Despite a fan outcry, the Adventurers Club closed about a decade ago. “Adventurers Club did work,” says Shipley. “To this day, I think it's a tragedy that it doesn't exist, or that it wasn't evolved, if that was the need from a business model.”

Fans, however, will find a way.

There’s growing evidence that many are going to Disneyland to role play, even if the park isn’t officially giving them experiences to do so. Wildly popular non-Disney-run events such as Dapper Day allow guests to play dress-up in the park and embody a character.

Smaller, fan-created gatherings such as Adventureland Day also emphasize costumes, but additionally throw in some light scavenger hunts. About 400 people showed up for this year’s March event.

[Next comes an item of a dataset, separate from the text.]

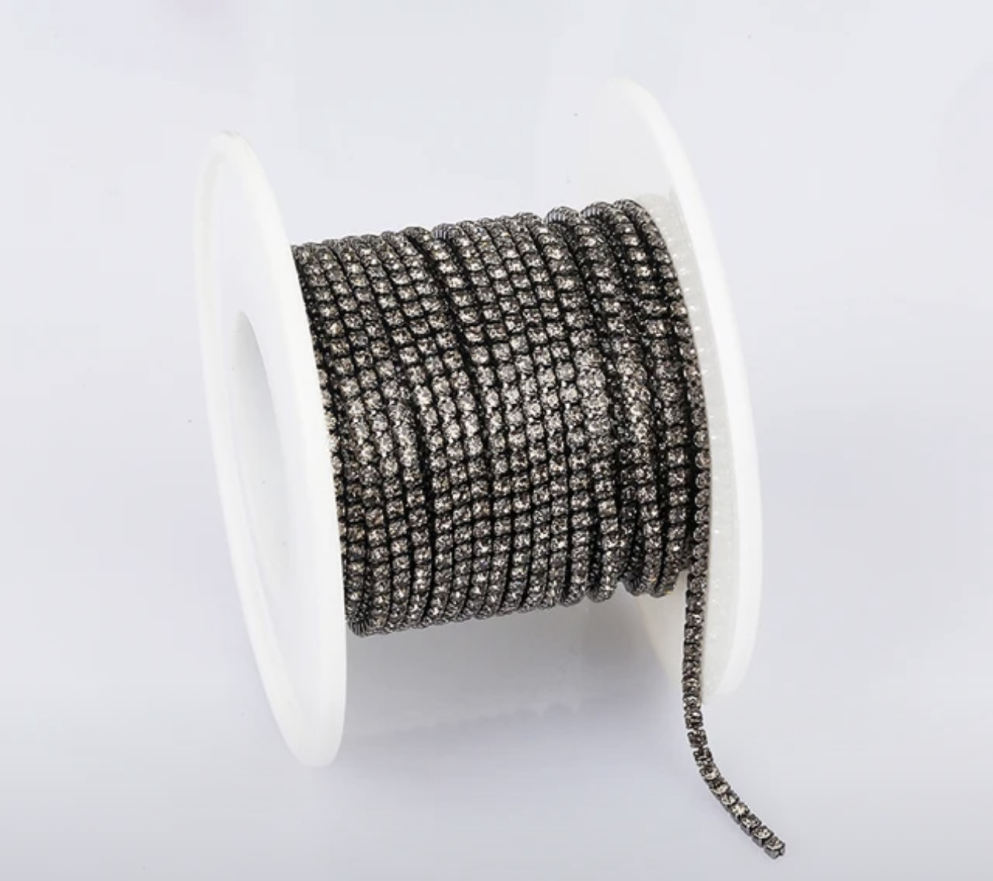 Стразовая цепь, цвет: графит, оправа графит; диаметр звена 1,5 мм, цена указана за отрезок длиной 10см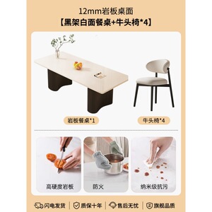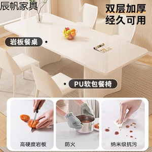 轻奢高级感岩板餐桌 餐桌岛台一体法式奶油风小户型餐桌

“Every kid now has the power in their hand to do all these amazing things and they don't wanna go to a park and just be passive,” says “Tiki” Tony Murphy, who helped organize Adventureland Day. “They want to go and interact socially. When you go to these organized events it gives you that license to interact in a different way and also to be a part of the fantasy of it — to dress up and be a different person. I think it gives them a chance to explore who they are.”

Such play is the ultimate form of escapism.

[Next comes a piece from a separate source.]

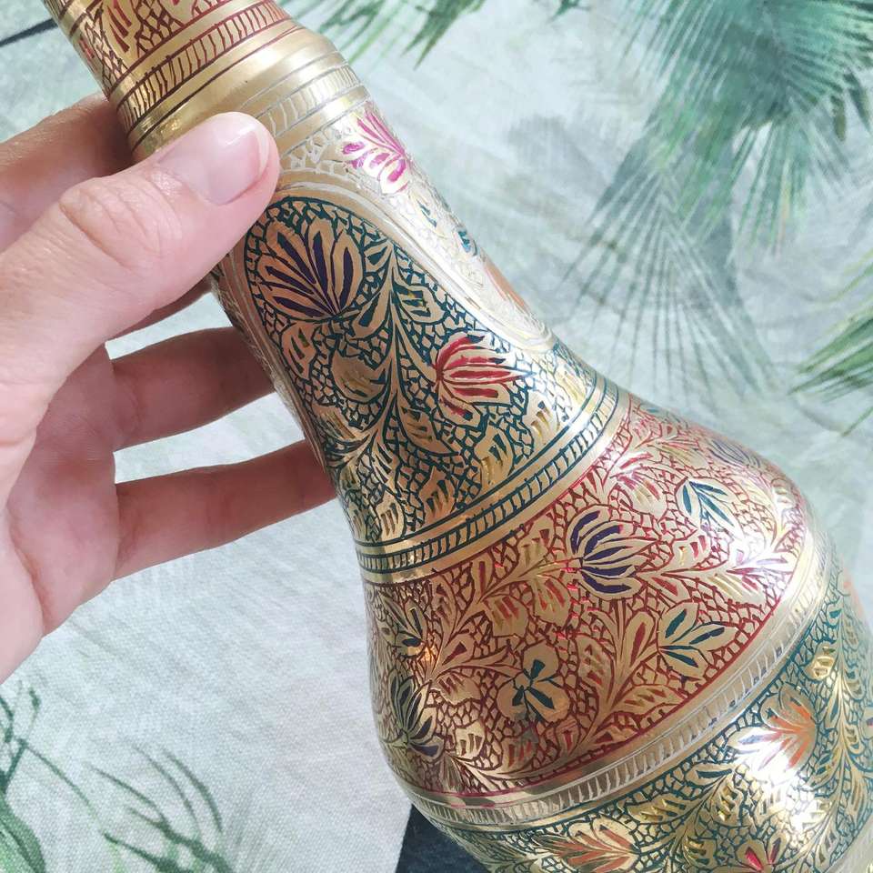 แจกันดอกไม้ทองเหลืองโบราณโบราณแจกันแจกันดอกไม้โกศวินเทจสำหรับระเบียงและสวนตกแต่งโต๊ะแจกัน

“The things that were most immersive actually were the lowest-tech things — Tom Sawyer's Island, you know things like that,” says Hettema. “And I think we're coming full circle back to finding out that’s where the real magic was. Technology is less and less dazzling to us as every day goes by because it's so ubiquitous.”

Pirate's Lair on Tom Sawyer Island at Disneyland, as seen in 2007. (Mark Boster / Los Angeles Times)

Evermore, though, has advantages that Disney and Universal do not.

For one, it doesn’t have to struggle with creating intimate experiences for tens of thousands of people per day. And while Bretschneider says he is open to doing special events and one-off nights catered to a specific brand — business will likely depend upon it, he concedes — he pledges that Evermore will exist as “original IP” or intellectual property.

Asked why he believes Evermore can succeed without linking with, say, a known fantasy franchise or video game, he says without hesitation, “New Orleans Square,” referencing the ornately themed area of Disneyland with wholly original attractions such as the Pirates of the Caribbean and the Haunted Mansion. “It's a classic pirates story,” Bretschneider says of the ride that spawned the film franchise instead of the reverse. “And it's a classic story about a haunted mansion. It is not IP. You don't associate it with anything.”

Performers in the Victorian themed 'Loudon's Rest Cemetery' at Evermore Park. (Brian van der Brug / Los Angeles Times)

More importantly, for a park that relies on improvisation, the less branding the better.

“We can create whatever is needed for story purposes,” Shipley says. “All the characters you met here were created for the purpose of helping a story along. When you have an established IP with business partners relying on that format, you're boxed in. Walls get smaller and smaller. There are things you would love to do creatively, but you can't because you have to stay within confines that other business units need.”